*** Block opens ***
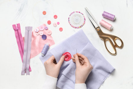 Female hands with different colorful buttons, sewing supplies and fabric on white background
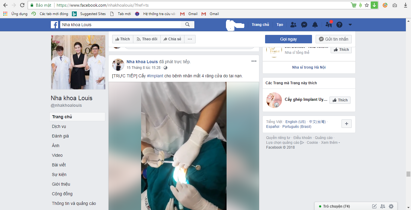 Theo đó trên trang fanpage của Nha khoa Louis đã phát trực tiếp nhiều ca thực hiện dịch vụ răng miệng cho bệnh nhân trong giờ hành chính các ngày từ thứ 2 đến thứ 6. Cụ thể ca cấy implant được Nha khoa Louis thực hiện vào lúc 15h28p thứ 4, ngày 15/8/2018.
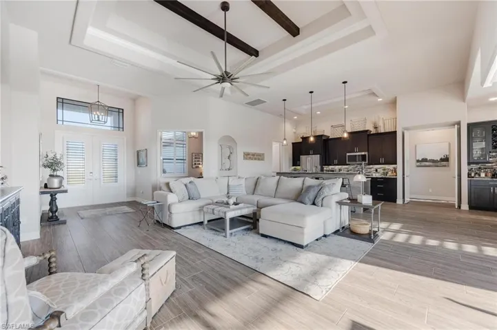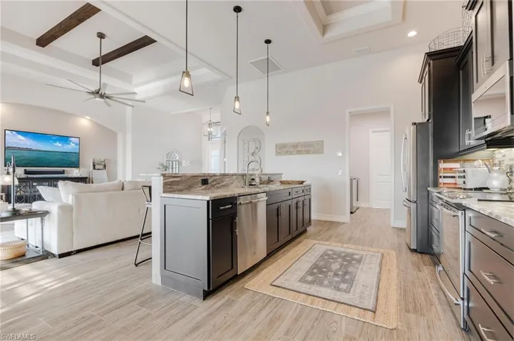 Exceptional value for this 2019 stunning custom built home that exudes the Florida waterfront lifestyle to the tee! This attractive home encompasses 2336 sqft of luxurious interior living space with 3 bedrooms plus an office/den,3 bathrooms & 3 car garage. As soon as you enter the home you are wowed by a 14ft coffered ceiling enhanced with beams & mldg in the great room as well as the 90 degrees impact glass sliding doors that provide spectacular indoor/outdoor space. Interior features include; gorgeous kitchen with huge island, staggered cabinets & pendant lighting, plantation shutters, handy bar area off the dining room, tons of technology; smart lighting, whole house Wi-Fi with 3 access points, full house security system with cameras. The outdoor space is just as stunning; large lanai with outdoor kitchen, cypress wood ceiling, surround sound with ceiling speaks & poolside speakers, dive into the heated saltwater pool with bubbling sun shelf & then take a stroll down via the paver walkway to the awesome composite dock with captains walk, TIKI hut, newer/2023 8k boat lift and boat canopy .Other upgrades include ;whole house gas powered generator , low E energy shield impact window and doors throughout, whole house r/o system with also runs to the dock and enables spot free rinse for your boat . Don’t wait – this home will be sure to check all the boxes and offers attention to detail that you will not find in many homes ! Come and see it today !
*** Block closes ***
*** Block opens ***
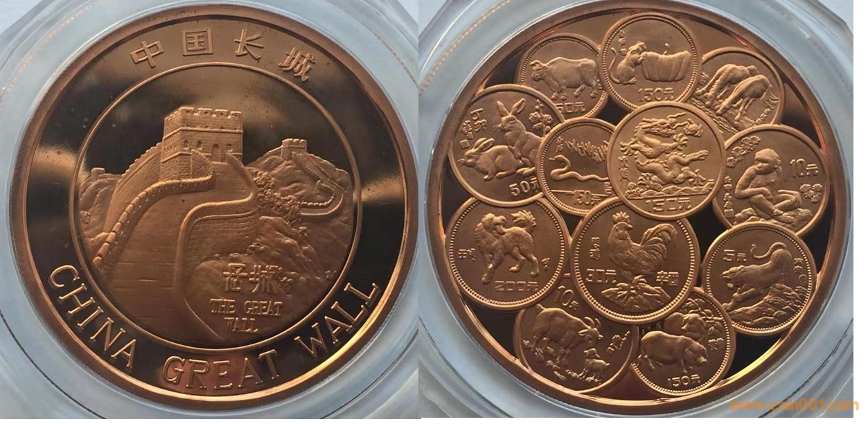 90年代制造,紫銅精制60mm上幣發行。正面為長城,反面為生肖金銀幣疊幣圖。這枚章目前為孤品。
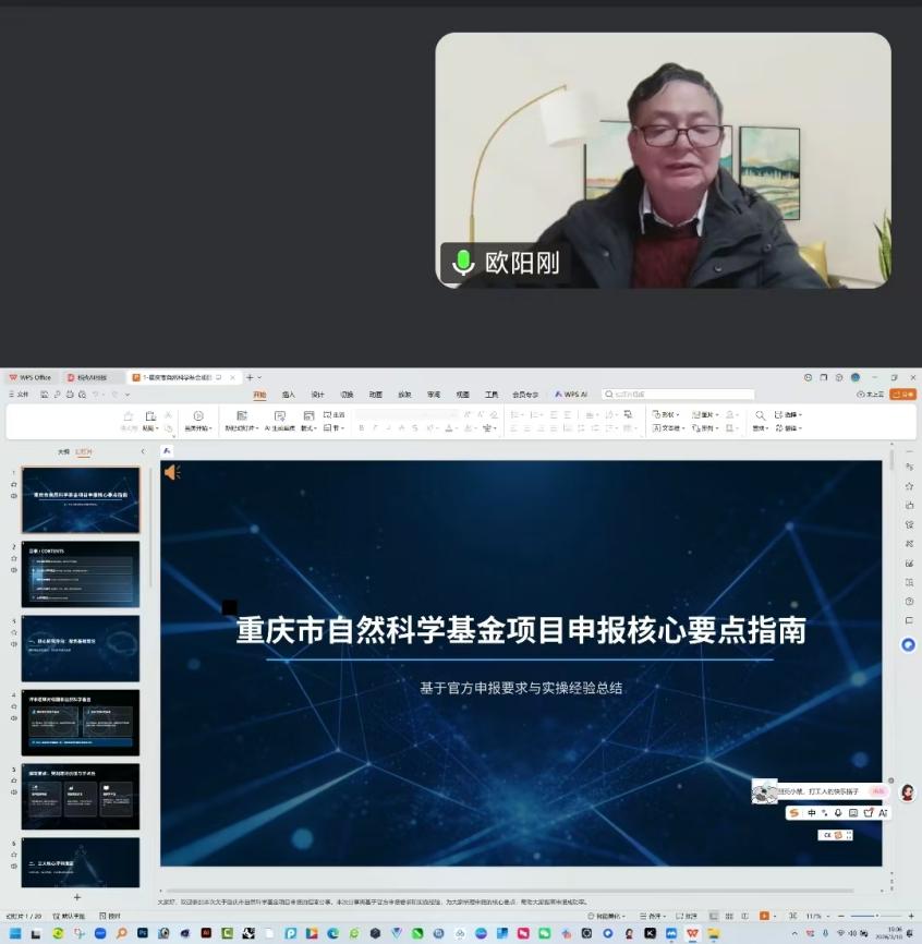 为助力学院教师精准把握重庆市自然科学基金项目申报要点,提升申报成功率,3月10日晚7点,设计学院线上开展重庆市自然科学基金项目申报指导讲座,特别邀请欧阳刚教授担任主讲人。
*** Block closes ***
**EXERCISE REQUIREMENTS**:
A clean copy is needed of the lines in the listing above from the one with "90年代制造,紫銅精制60m" through the one with "为助力学院教师精准把握重庆市", exact in every word and free of pictures.

**EXPECTED ANSWER**:
 90年代制造,紫銅精制60mm上幣發行。正面為長城,反面為生肖金銀幣疊幣圖。這枚章目前為孤品。
 为助力学院教师精准把握重庆市自然科学基金项目申报要点,提升申报成功率,3月10日晚7点,设计学院线上开展重庆市自然科学基金项目申报指导讲座,特别邀请欧阳刚教授担任主讲人。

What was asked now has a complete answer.